The fact that there is a 3/10 chance that one party can win control of the House despite getting fewer votes is a fundamental problem in American democracy caused by gerrymandering, among other things (we’ll get to those later). What should happen is that the proportion of the two-party vote that a political party earns should more or less match the proportion of House seats it receives.
Slaying the gerrymander
So how can we fix this problem? The mainstream solution is to take redistricting out of the hands of politicians and have maps drawn by some form of an independent body. This appears to be what Sen. Joe Manchin (D-WV) will include in his compromise voting bill.
But it still matters how the new districts are drawn because there are a lot of competing criteria that can be used — promoting competitive elections, maximizing minority representation, geographic compactness, and more. I think that the best option is trying to ensure that the partisan breakdown of a state’s House delegation matches the partisan breakdown of its electorate as closely as possible while steering clear of any Voting Rights Act violations with respect to majority-minority districts.
Here’s an example of what all 435 Congressional districts would look like if they were drawn to maximize proportionality from FiveThirtyEight1:
The problem is that it’s not that easy to draw proportional districts. For example, in Massachusetts, roughly a third of voters are Republicans, so a proportional standard would seek to create three GOP districts out of the Bay State’s nine. But Republican voters are so widely spread out that it would require an extreme pro-GOP gerrymander2 to even get one barely Republican district. The same logic applies to Democrats in West Virginia and Pennsylvania and Republicans in California with respect to proportionality in redistricting.
And because Democrats tend to cluster in cities while Republicans are spread throughout more sparsely populated rural areas, Democratic politicians tend to run up the vote in urban districts while GOP ones tend to carry rural districts by smaller but still solid margins. The effect is that the Democratic coalition is less efficiently distributed than the Republican coalition — it leads to more wasted votes.

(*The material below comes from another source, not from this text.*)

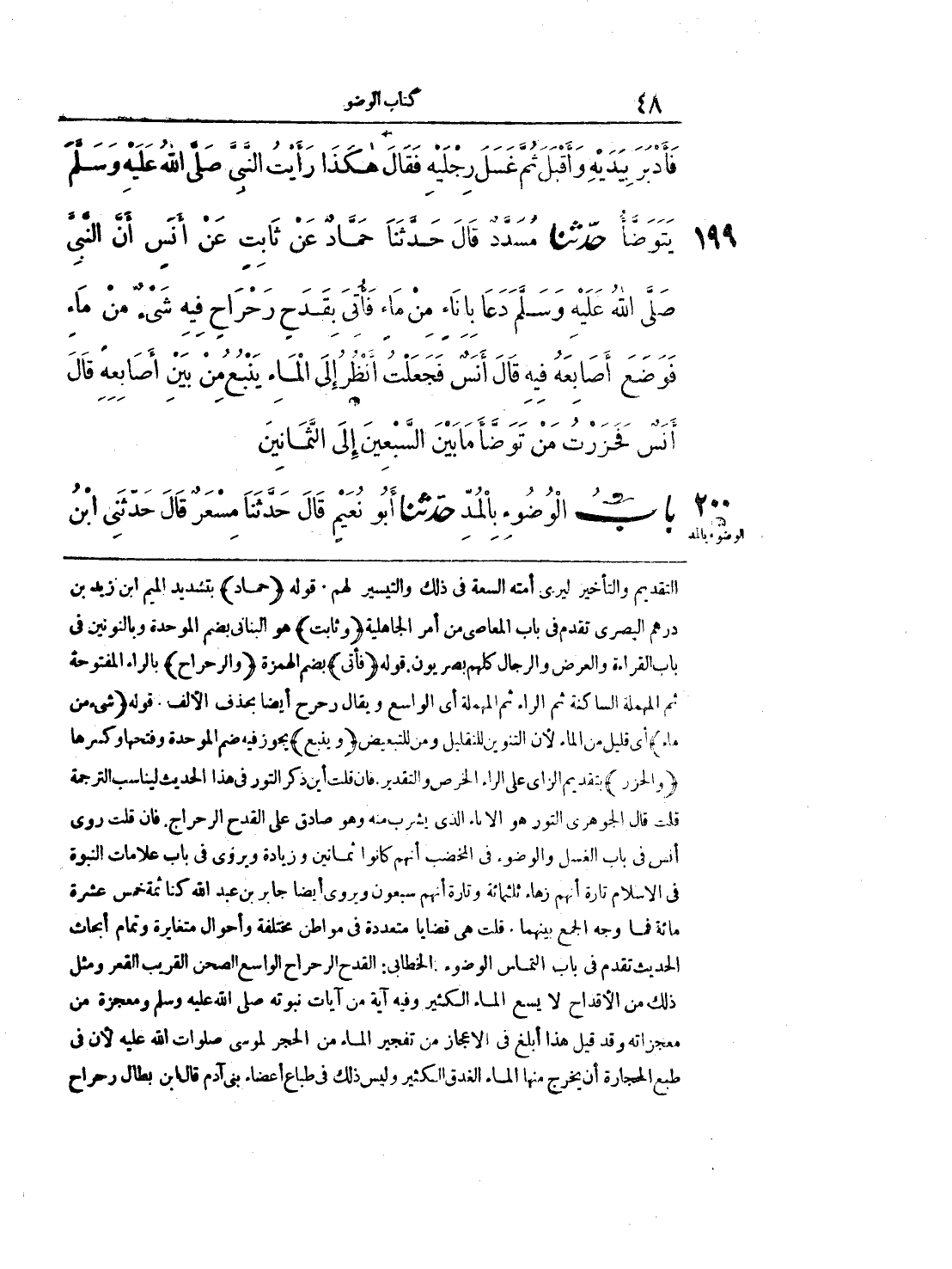 التقديم والتأخير ليرى أمته السعة في ذلك والتيسير لهم. قوله (حماد) بتشديد الميم ابن زيد بن درهم البصري تقدم في باب المعاصي من أمر الجاهلية (وثابت) هو البناني بضم الموحدة وبالنونين في باب القراءة والعرض والرجال كلهم بصريون. قوله (فأتى) بضم الهمزة (والرحراح) بالراء المفتوحة ثم المهملة الساكنة ثم الراء ثم المهملة أي الواسع ويقال رحرح أيضاً بحذف الألف. قوله (شئ من ماء) أي قليل من الماء لأن التنوين للتقليل ومن للتبعيض (وينبع) يجوز فيه ضم الموحدة فتحها وكسرها (والحزر) بتقديم الزاي على الراء الخرص والتقدير. فإن قلت أين ذكر التور في هذا الحديث ليناسب الترجمة قلت قال الجوهري التور هو الإناء الذي يشرب منه وهو صادق على القدح الرحراح. فإن قلت روى أنس في باب الغسل والوضوء في المخضب أنهم كانوا ثمانين وزيادة ويروى في باب علامات النبوة في الإسلام تارة أنهم زهاء ثلثمائة وتارة أنهم سبعون ويروى أيضاً جابر بن عبد الله كنائمة خمس عشرة مائة فما وجه الجمع بينهما. قلت هي قضايا متعددة في مواطن مختلفة وأحوال متغايرة وتمام أبحاث الحديث تقدم في باب التماس الوضوء. الخطابي: القدح الرحراح الواسع الصحن القريب القعر ومثل ذلك من الأقداح لا يسع الماء الكثير وفيه آية من آيات نبوته صَلَّى الله عليه وسلّم ومعجزة من معجزاته وقد قيل هذا أبلغ في الإعجاز من تفجير الماء من الحجز لموسى صلوات الله عليه لأن في طبع الحجارة أن يخرج منها الماء الغدق الكثير وليس ذلك في طباع أعضاء بني آدم قال ابن بطال رحراح

These two factors — the difficulty of achieving proportionality in certain areas and the geographic efficiencies of the two parties’ coalitions — make proportional redistricting for single-member districts tricky to implement in practice.
For example, in North Carolina, Democratic state legislators used to draw maps that split black voters between enough districts to ensure the reelection of white Democrats. Unfortunately, this prevented black voters from electing black representatives by diluting their voting power across multiple districts. The GOP later backed the creation of majority-minority districts, leading to the election of more black legislators and helping Republicans by making the surrounding districts redder. In many states, especially those with racially polarized voting, achieving proportional results with single-member districts might require spreading minority voters around other districts, which would dilute their voting power in violation of the VRA.
To be clear, implementing some form of proportional redistricting (sans VRA violations) would still be a massive improvement over the status quo, and Democrats should absolutely pass it if they have the chance. But there’s a better option that’s mostly gone under the radar and doesn’t come with these difficult tradeoffs.
The Irish solution
It’s a lot easier to draw proportional maps if each district elects multiple representatives instead of just one. Ireland uses a system like this and generally gets proportionally partisan results. It’s kind of like the Senate, where every state gets two members. But there’s more than one representative per district (the total number depends on district size) and they’re elected simultaneously through a voting method called single transferable vote (or STV). I could try to explain how STV works, but this short video does a much better job than I could:
The Fair Representation Act, also known as H.R.4000, is a bill that would move the U.S. House of Representatives over to an STV system. I highly recommend reading this report by FairVote (an election reform organization) on the FRA, but I’ll summarize some of the key details:
District sizes can vary from one to five representatives.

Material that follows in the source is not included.